Assignment: Reproduce the listing below from the line with "1/6 Ctw Double" to the line with "Об этом проинформировал", both lines included, character for character, minus any pictures.

Records for this exercise:
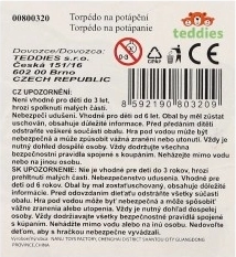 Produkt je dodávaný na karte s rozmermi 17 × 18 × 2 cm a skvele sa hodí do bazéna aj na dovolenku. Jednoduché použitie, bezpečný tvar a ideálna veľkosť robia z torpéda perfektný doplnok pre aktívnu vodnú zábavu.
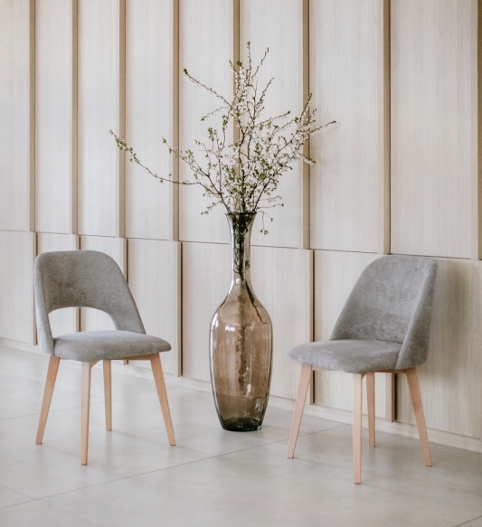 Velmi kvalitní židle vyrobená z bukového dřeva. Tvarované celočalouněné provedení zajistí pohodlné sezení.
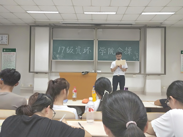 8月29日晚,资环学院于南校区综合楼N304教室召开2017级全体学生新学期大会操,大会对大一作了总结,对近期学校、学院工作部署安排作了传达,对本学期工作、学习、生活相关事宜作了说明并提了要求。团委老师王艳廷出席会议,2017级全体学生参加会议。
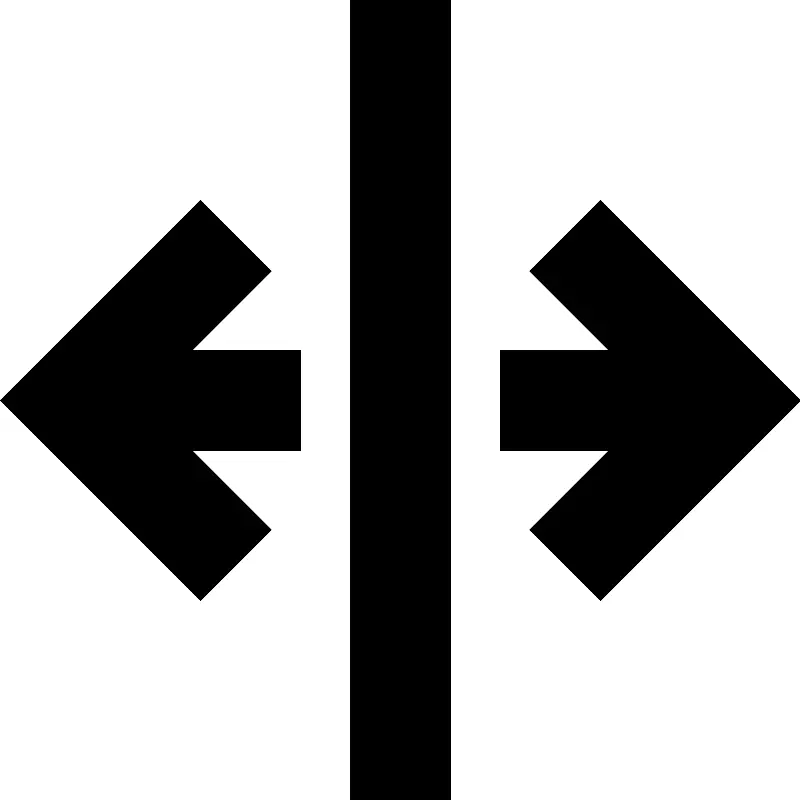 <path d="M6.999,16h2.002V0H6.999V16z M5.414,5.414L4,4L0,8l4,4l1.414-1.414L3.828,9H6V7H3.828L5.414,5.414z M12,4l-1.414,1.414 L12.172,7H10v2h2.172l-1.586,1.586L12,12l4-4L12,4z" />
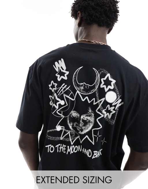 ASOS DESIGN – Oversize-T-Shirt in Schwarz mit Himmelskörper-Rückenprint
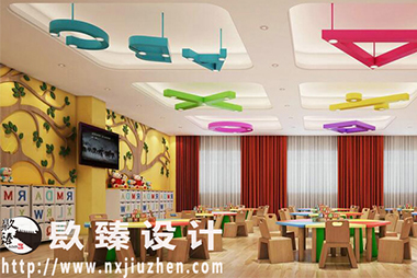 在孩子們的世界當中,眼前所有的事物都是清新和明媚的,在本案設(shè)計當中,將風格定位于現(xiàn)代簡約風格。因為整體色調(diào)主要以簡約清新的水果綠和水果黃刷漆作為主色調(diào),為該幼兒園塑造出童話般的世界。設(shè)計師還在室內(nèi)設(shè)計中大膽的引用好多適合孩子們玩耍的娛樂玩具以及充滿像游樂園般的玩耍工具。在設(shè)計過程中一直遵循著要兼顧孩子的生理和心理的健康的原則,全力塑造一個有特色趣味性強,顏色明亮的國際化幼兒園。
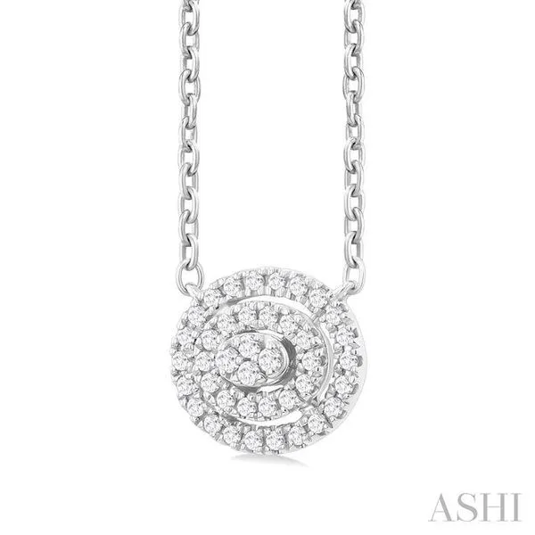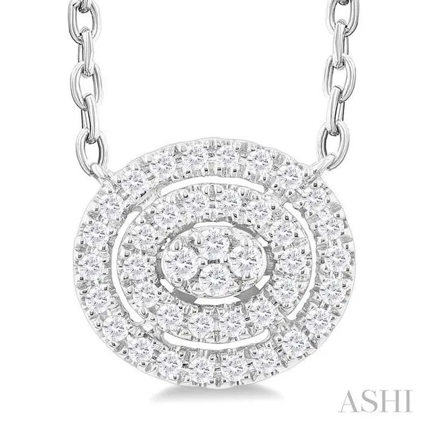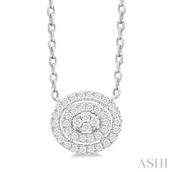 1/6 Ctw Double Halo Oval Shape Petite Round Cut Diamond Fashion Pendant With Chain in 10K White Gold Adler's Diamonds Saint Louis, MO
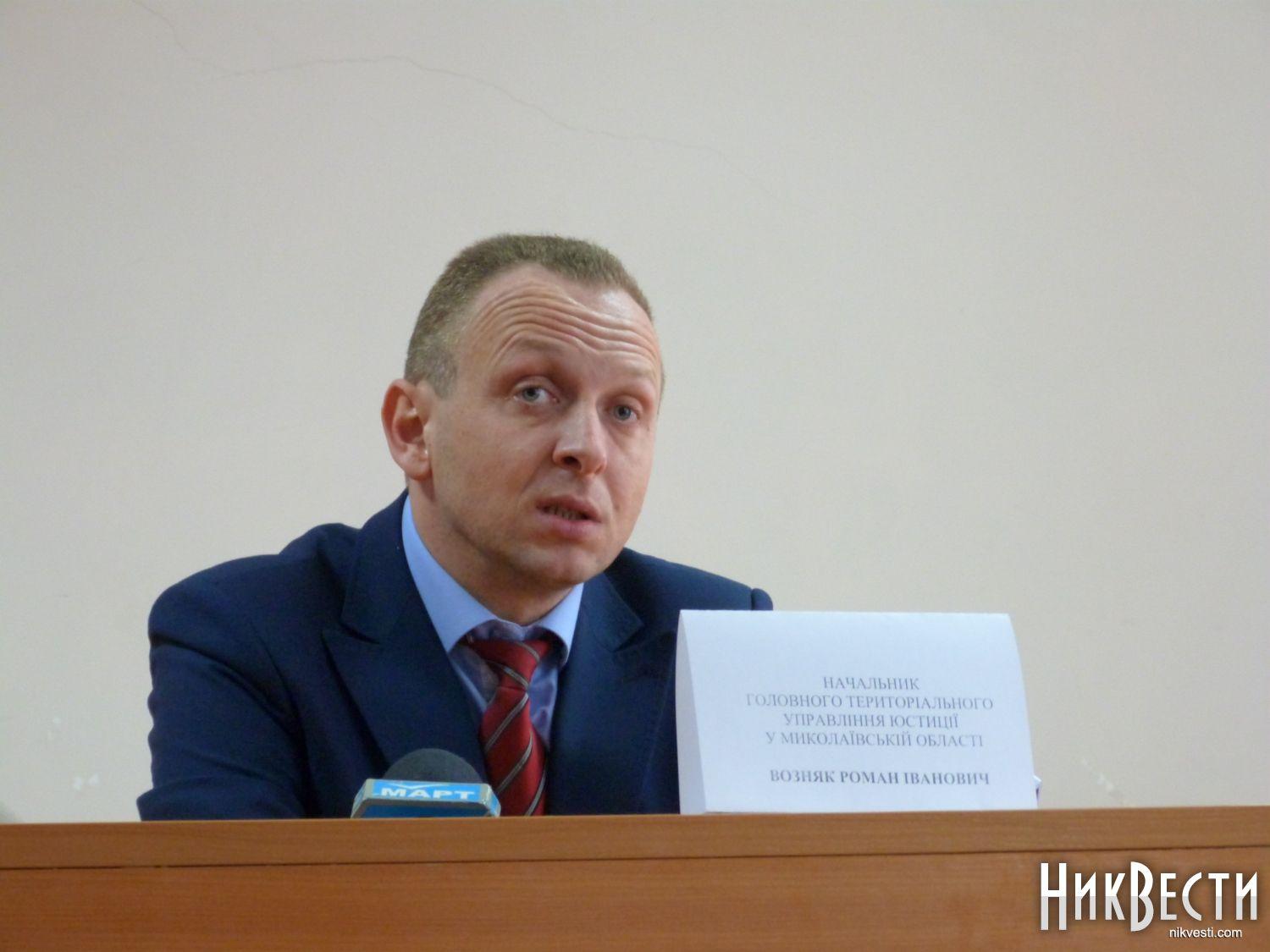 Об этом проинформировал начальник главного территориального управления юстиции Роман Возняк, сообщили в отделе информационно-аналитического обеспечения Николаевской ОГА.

...

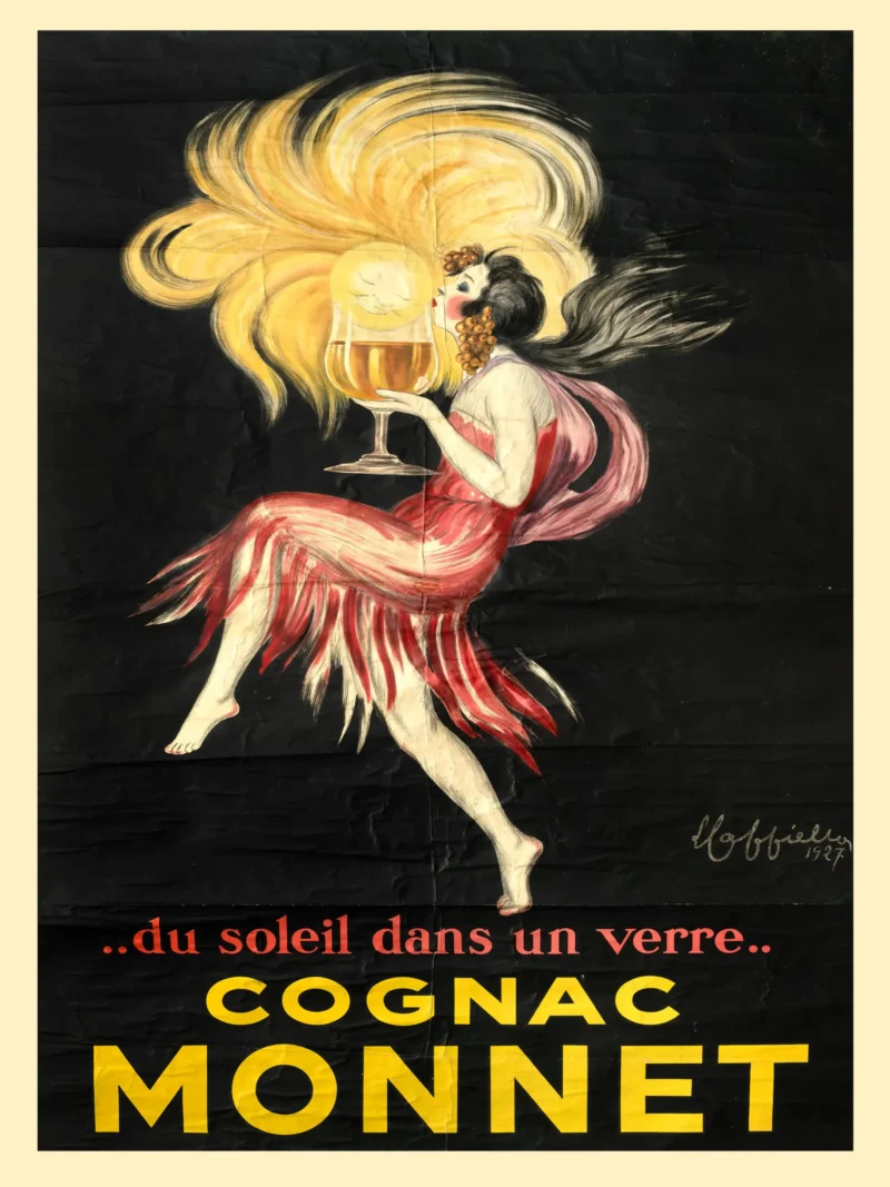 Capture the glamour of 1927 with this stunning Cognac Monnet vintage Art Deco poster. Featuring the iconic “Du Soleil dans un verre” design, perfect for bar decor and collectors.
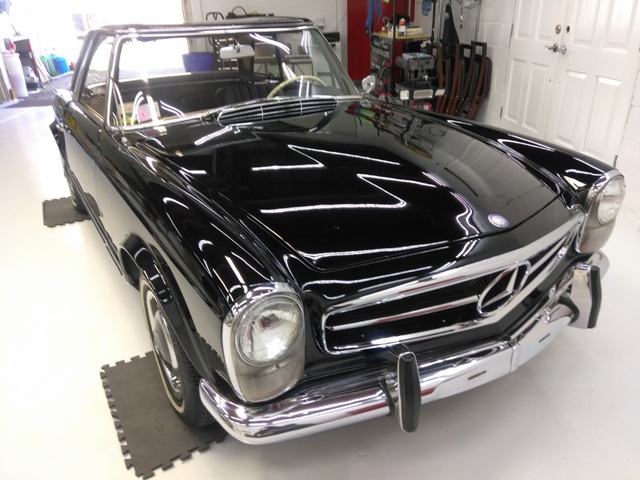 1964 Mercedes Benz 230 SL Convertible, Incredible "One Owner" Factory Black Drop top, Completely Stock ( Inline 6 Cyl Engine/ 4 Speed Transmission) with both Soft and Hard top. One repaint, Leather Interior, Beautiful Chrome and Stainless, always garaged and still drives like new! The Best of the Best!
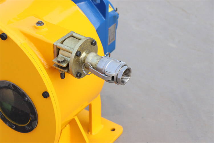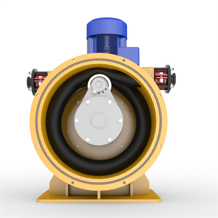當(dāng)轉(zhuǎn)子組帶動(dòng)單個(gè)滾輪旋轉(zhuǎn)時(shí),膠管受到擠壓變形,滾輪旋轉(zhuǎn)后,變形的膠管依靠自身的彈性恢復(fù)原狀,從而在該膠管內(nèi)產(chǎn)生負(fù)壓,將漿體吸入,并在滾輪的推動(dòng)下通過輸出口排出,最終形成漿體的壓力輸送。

Exercise output:
 1/6 Ctw Double Halo Oval Shape Petite Round Cut Diamond Fashion Pendant With Chain in 10K White Gold Adler's Diamonds Saint Louis, MO
 Об этом проинформировал начальник главного территориального управления юстиции Роман Возняк, сообщили в отделе информационно-аналитического обеспечения Николаевской ОГА.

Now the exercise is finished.